Il guanto caldo che conforta pazienti Covid

Virale tecnica 'mano di Dio' realizzata da infermiera Brasile

Redazione ANSA ROMA

(ANSA) - ROMA, 08 APR - Un modo speciale di 'tenere la mano' a un paziente Covid, calmante e confortante, fatto di un guanto riempito di acqua calda e fissato tra le dita della mano. È diventata virale la soluzione adottata da un'infermiera brasiliana Lidiane Melo, 36 anni, in forze alo' Hospital Universitário Clementino Fraga Filho di Rio deJaneiro - che e già stata denominata técnica da mãozinha" (la manina) o "mão de Deus", mano di Dio, e che ha un duplice scopo:medico ma anche psicologico. L'infermiera ha infatti spiegato ai media brasiliani che in un turno molto teso l'anno scorso,non riusciva a misurare la saturazione di un paziente. "La sua mano era molto fredda-evidenzia - l'ho avvolta in cotone ortopedico e benda, che è una pratica prevista in infermieristica, ma non ha funzionato. La circolazione non è migliorata. Ho pensato di bagnargli la mano con acqua tiepida, ma a causa del rischio di contaminazione l'idea non era buona.

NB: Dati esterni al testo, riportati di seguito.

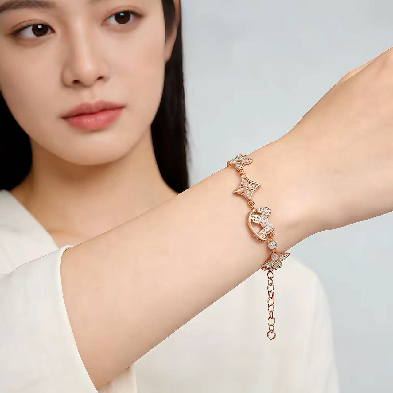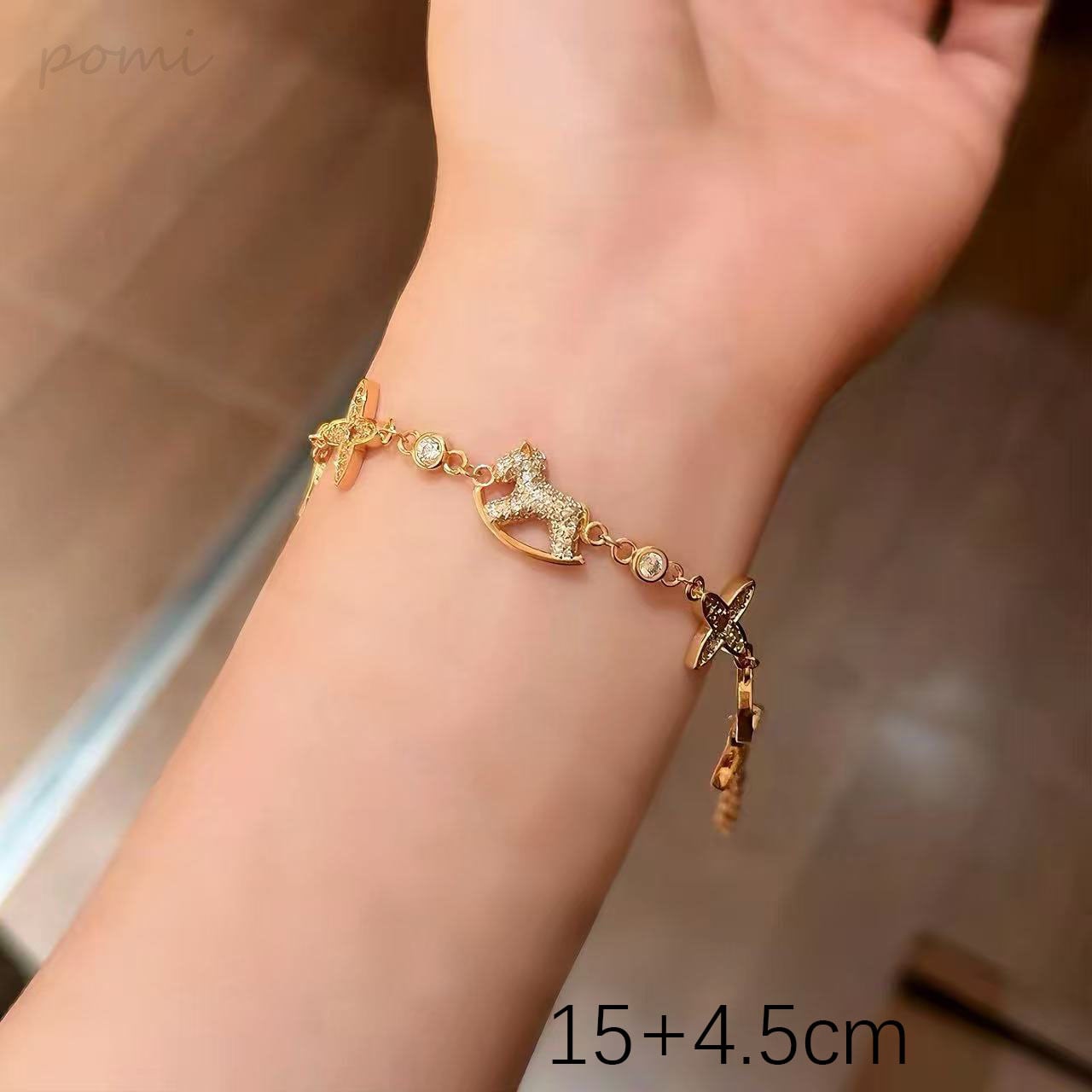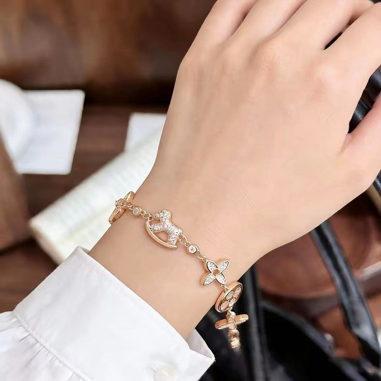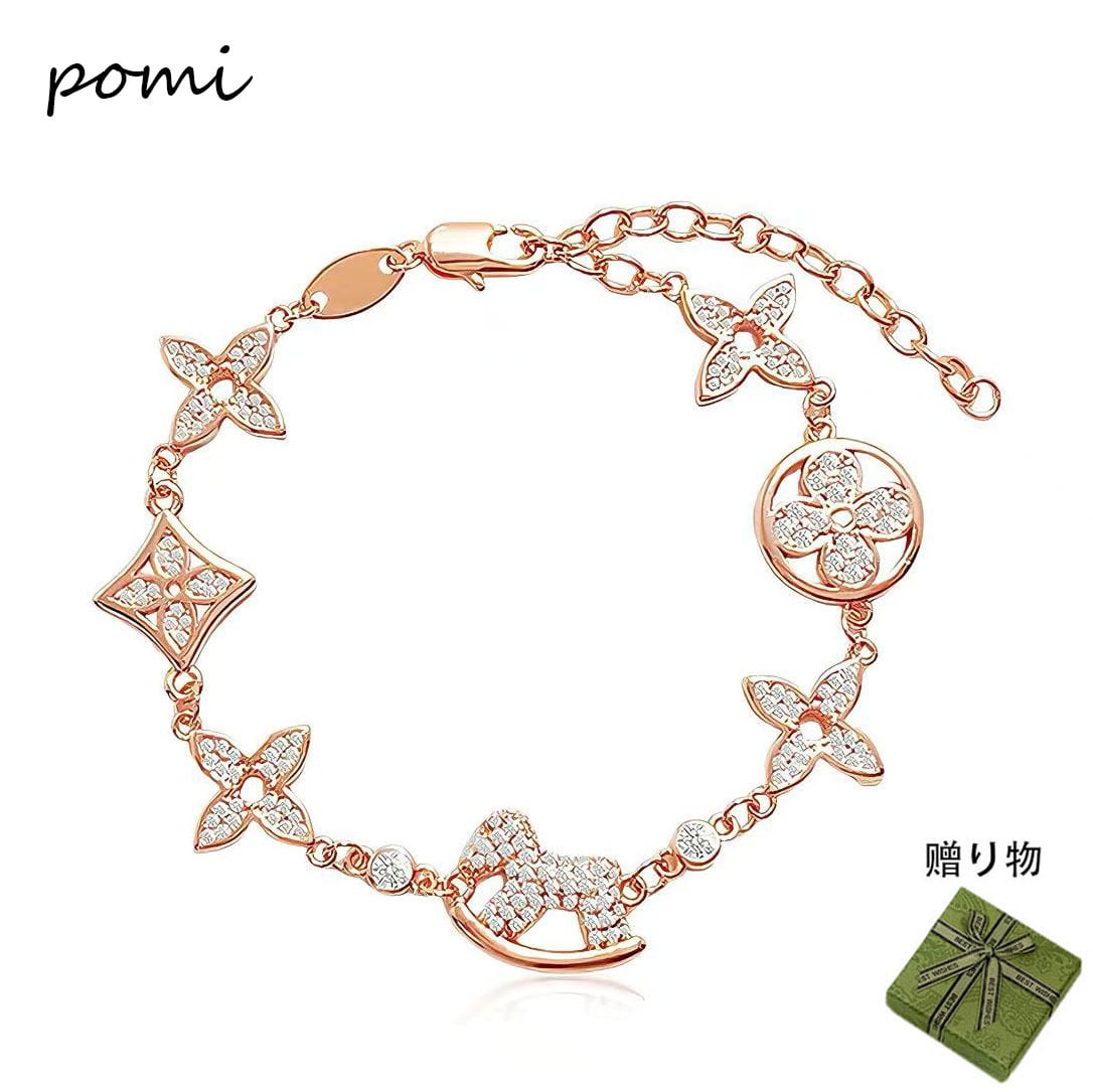 六花木馬ブレスレット ダイヤモンド入り 軽奢感でオールマッチなギフト 精巧な銅合金ブレスレット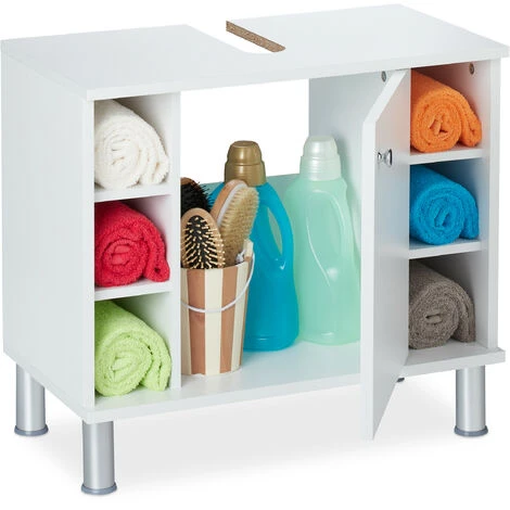 Con il sottolavaboutilizzate finalmente lo spazio libero sotto il lavandino in modo efficiente.Lo spazio ritagliato sul retro del mobile è ideale per far passare il sifonedel lavandino. L’interno del mobile offre spazio a sufficienza per prodotti perla pulizia, asciugamani, carta igienica e la riserva di bagnoschiuma. I 6scomparti aperto sono ideali per riporre piccoli accessori da avere sempre aportata di mano. Il design minimale in bianco si inserisce in ogni tipo diarredo.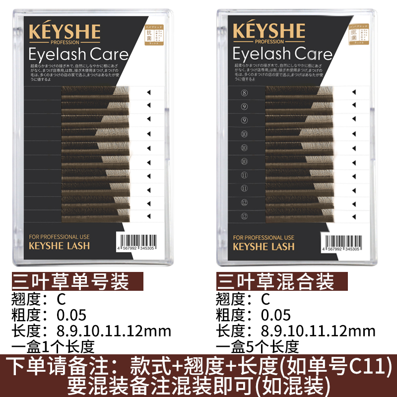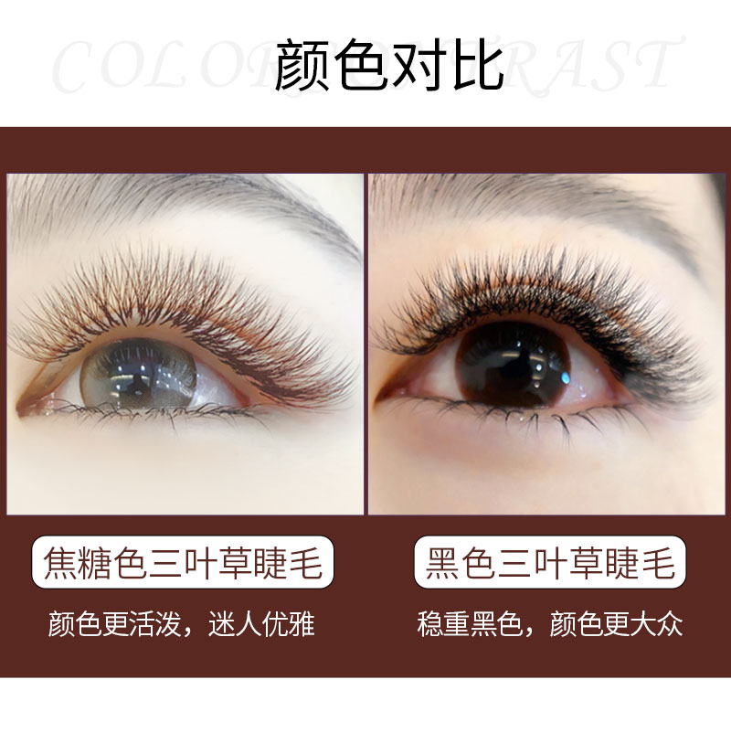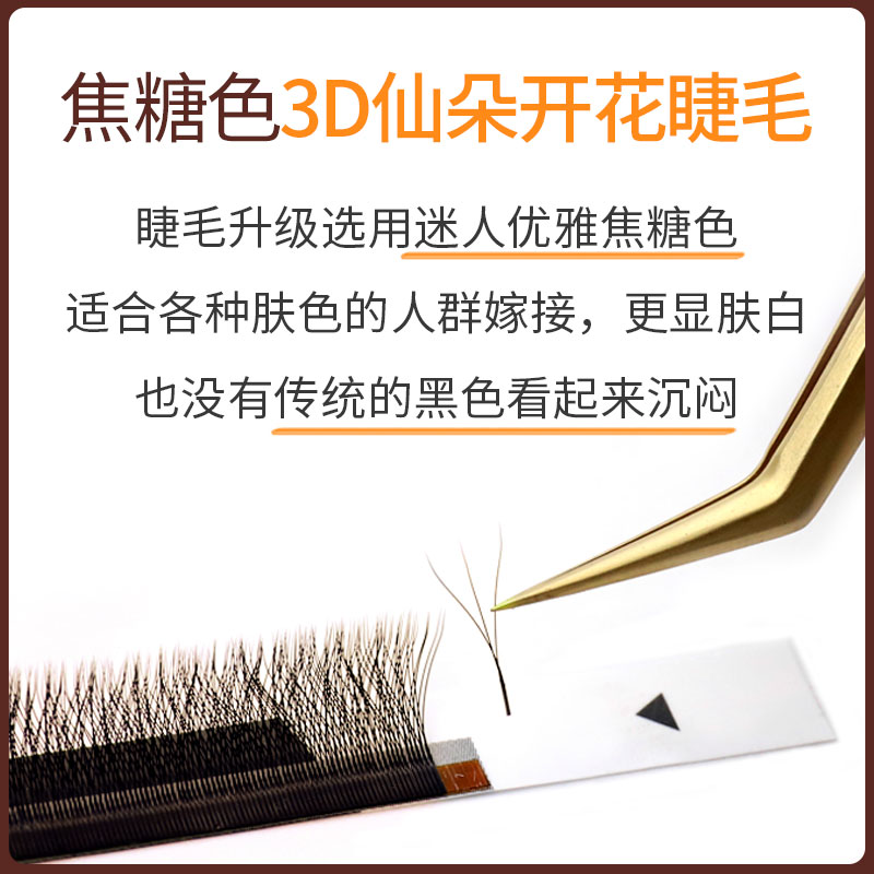 KEYSHE trifoliage caramel colour lashes grafted 3D sendo one second automatically blooming ultra soft water mink blooming hair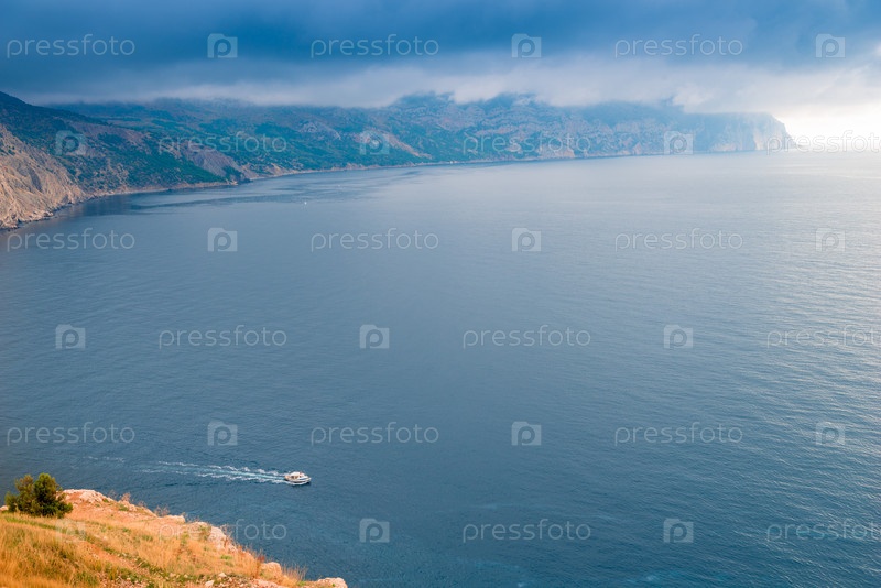 Пейзажный морской пехотинец, небольшая лодка выходит в море, погода перед бурей

Ci ho pensato ancora un po 'e ho messo l'acqua calda dentro dei guanti chirurgici e gliela ho avvolta sulla mano ".
    La tecnica ha funzionato e in tre minuti la cosiddetta perfusione del paziente, che è la consegna del sangue ai tessuti del corpo, è migliorata. Ha misurato la saturazione di ossigeno e iniziato il trattamento. La storia ha un anno, ma è stato solo il 14 marzo che Lidiane ha ritrovato la foto sul cellulare e ha deciso di postarla. La foto e la didascalia che accompagnava l'immagine sono diventate rapidamente virali. Oltre a miglioramento della circolazione sanguigna: la tecnica applicata dall'infermiera porta conforto psicologico. In un altro turno, Lidiane racconta infatti a O Globo di essersi imbattuta in una signora che era molto agitata quando ha saputo che avrebbe avuto bisogno di essere intubata. "Non ci ha permesso di sedarla - aggiunge - ha detto solo che non potevamo lasciarla morire, doveva prendersi cura della famiglia . Mi ha chiesto di tenerle la mano. Le ho detto che non potevo, che aveva altri pazienti di cui occuparmi, ma che avrei fatto qualcosa. Ho messo in atto la tecnica, si è calmata, ha detto che sembrava che le tenessi la mano, e ho detto che non era la mia, che avrebbe dovuto pensare che fosse la mano di Dio, che l'avrebbe aiutata a uscire da lì ". (ANSA).